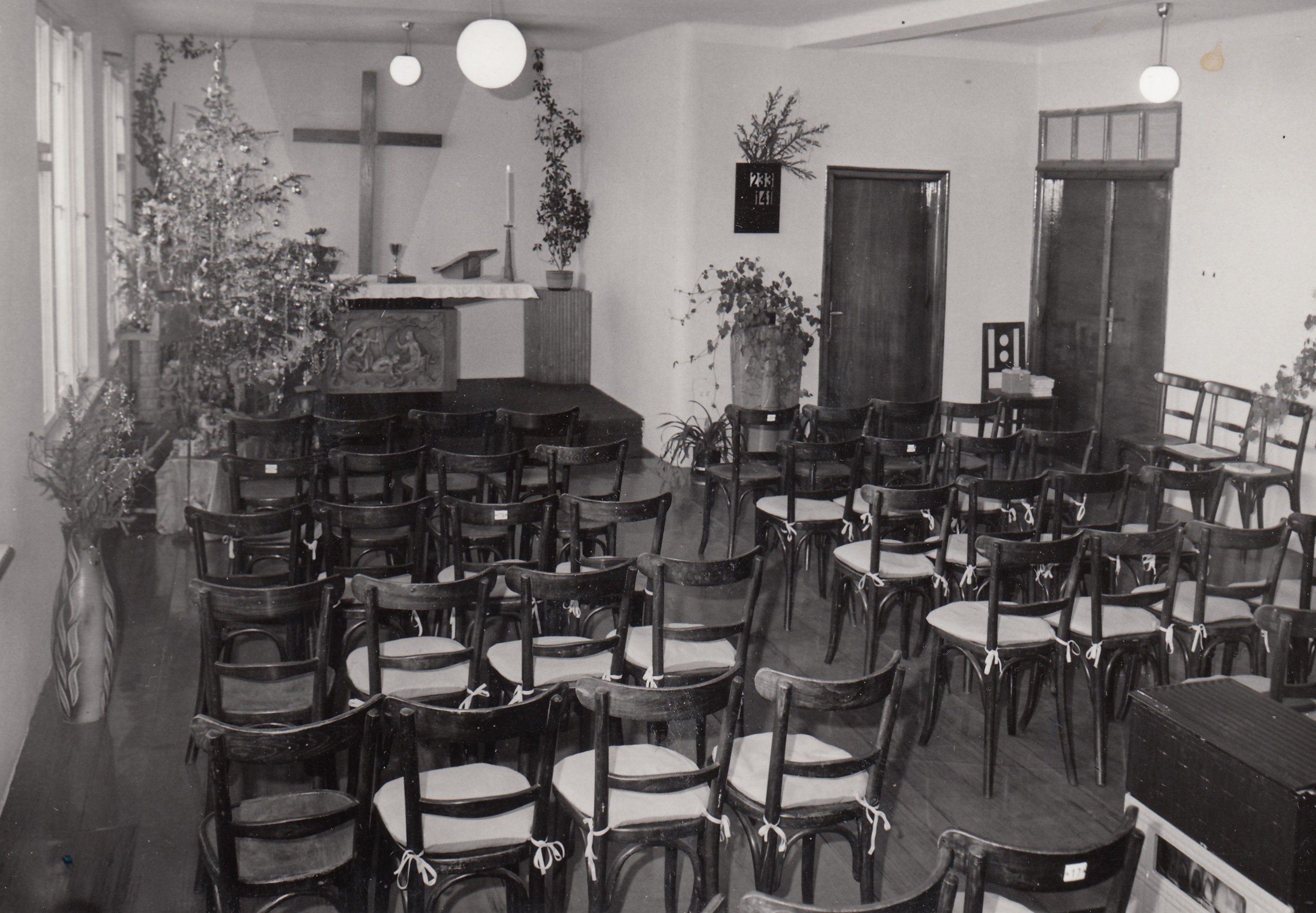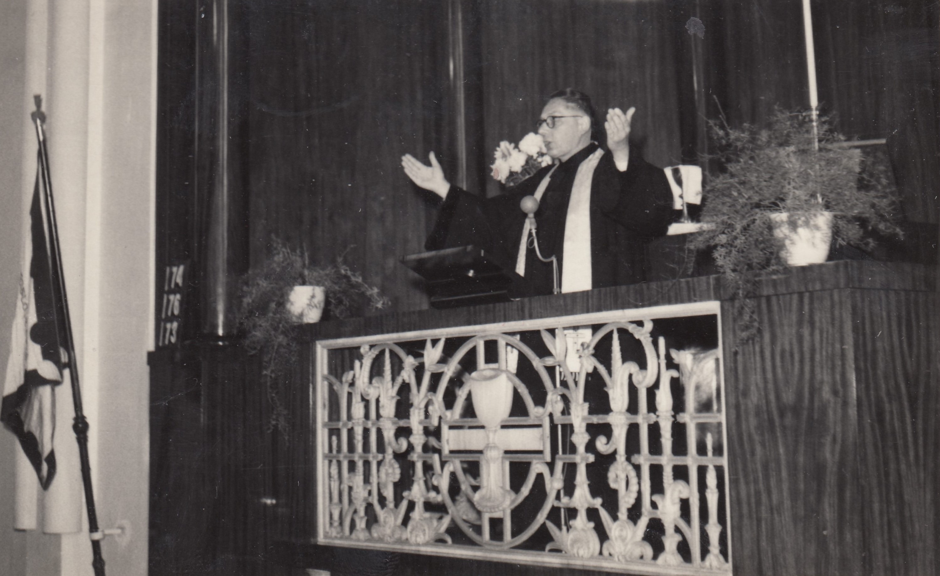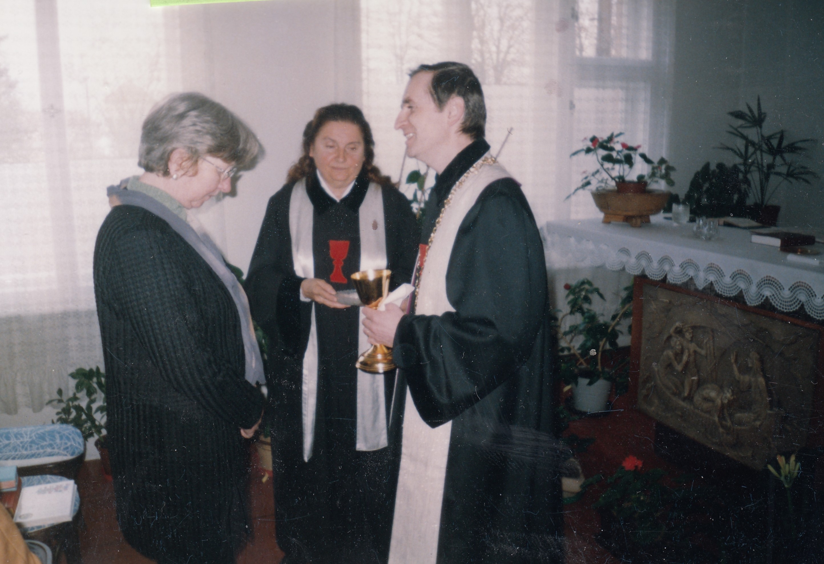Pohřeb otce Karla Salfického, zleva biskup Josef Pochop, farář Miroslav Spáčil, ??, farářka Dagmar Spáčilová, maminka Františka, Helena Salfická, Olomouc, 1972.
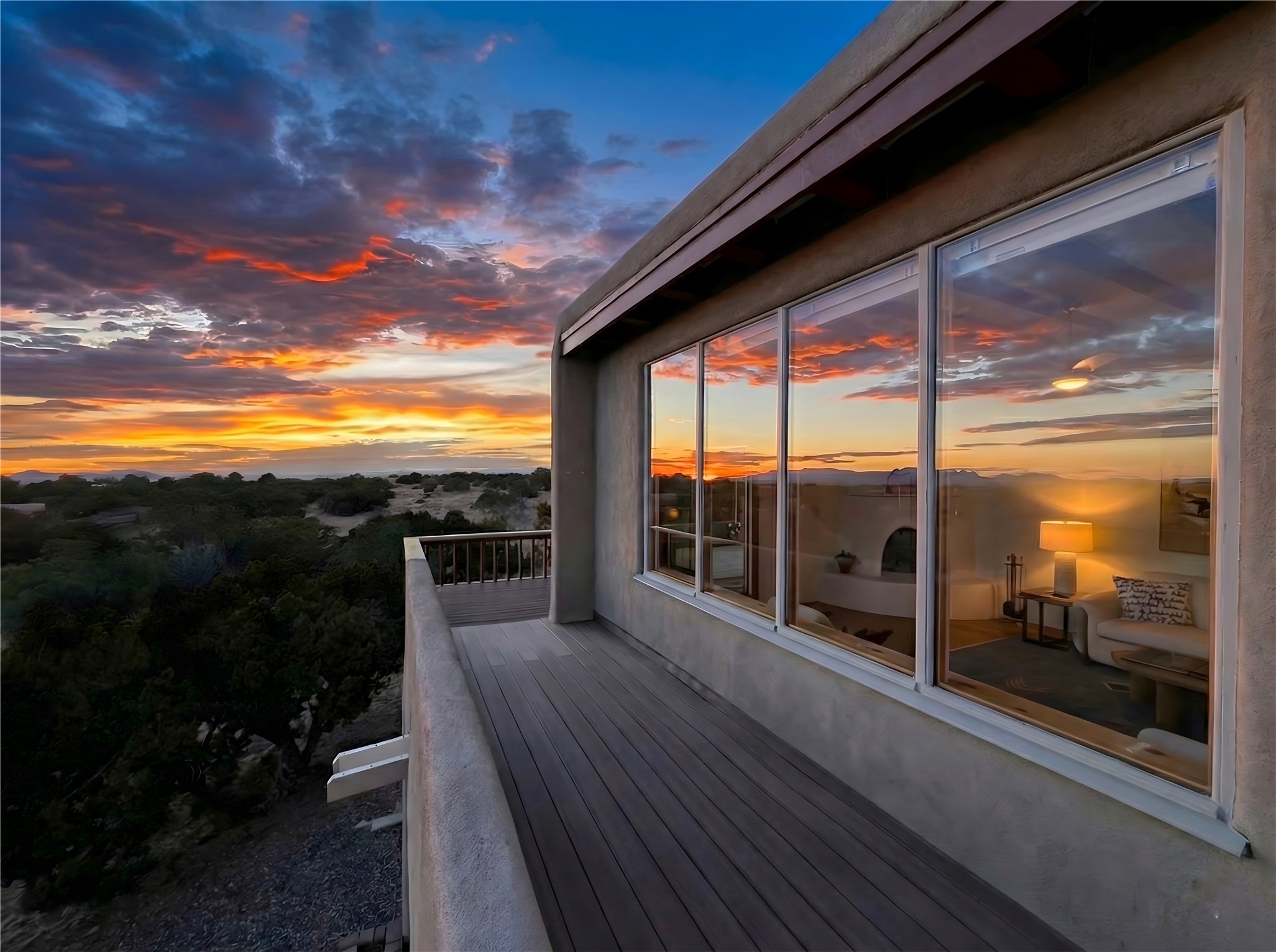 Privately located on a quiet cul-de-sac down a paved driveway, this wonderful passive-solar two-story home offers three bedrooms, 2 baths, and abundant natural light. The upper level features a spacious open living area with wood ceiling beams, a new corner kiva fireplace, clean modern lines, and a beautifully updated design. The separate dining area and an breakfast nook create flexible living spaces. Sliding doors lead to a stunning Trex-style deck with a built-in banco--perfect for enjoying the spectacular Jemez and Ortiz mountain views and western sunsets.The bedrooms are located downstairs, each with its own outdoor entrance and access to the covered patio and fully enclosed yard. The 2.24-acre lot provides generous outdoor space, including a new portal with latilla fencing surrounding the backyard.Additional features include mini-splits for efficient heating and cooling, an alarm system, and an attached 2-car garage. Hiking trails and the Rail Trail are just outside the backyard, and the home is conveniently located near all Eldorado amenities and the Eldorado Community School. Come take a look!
==
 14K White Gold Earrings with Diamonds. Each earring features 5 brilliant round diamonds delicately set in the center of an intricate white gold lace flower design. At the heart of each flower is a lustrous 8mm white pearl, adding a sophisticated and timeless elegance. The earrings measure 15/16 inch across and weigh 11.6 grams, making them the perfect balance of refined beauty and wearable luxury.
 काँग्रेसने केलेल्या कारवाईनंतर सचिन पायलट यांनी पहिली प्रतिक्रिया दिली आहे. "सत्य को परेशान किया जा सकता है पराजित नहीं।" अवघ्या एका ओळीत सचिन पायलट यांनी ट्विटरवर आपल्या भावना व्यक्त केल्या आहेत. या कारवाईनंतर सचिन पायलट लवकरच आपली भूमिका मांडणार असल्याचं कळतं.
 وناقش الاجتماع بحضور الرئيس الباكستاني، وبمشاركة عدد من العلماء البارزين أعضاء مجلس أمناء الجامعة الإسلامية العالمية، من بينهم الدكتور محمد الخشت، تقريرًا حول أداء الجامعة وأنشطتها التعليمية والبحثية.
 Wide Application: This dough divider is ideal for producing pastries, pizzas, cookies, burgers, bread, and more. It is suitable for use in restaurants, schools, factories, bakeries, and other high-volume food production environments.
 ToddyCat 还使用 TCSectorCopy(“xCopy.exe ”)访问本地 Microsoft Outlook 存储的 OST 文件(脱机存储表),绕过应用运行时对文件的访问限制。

**WHAT IS NEEDED**:
Please give back exactly the lines of this listing beginning at the line with "وناقش الاجتماع بحضور" and ending with the line with "存储的 OST 文件(脱机存储表),绕过应用运行时对文件的访问限制。", both included, and nothing else.

**EXERCISE OUTPUT**:
 وناقش الاجتماع بحضور الرئيس الباكستاني، وبمشاركة عدد من العلماء البارزين أعضاء مجلس أمناء الجامعة الإسلامية العالمية، من بينهم الدكتور محمد الخشت، تقريرًا حول أداء الجامعة وأنشطتها التعليمية والبحثية.
 Wide Application: This dough divider is ideal for producing pastries, pizzas, cookies, burgers, bread, and more. It is suitable for use in restaurants, schools, factories, bakeries, and other high-volume food production environments.
 ToddyCat 还使用 TCSectorCopy(“xCopy.exe ”)访问本地 Microsoft Outlook 存储的 OST 文件(脱机存储表),绕过应用运行时对文件的访问限制。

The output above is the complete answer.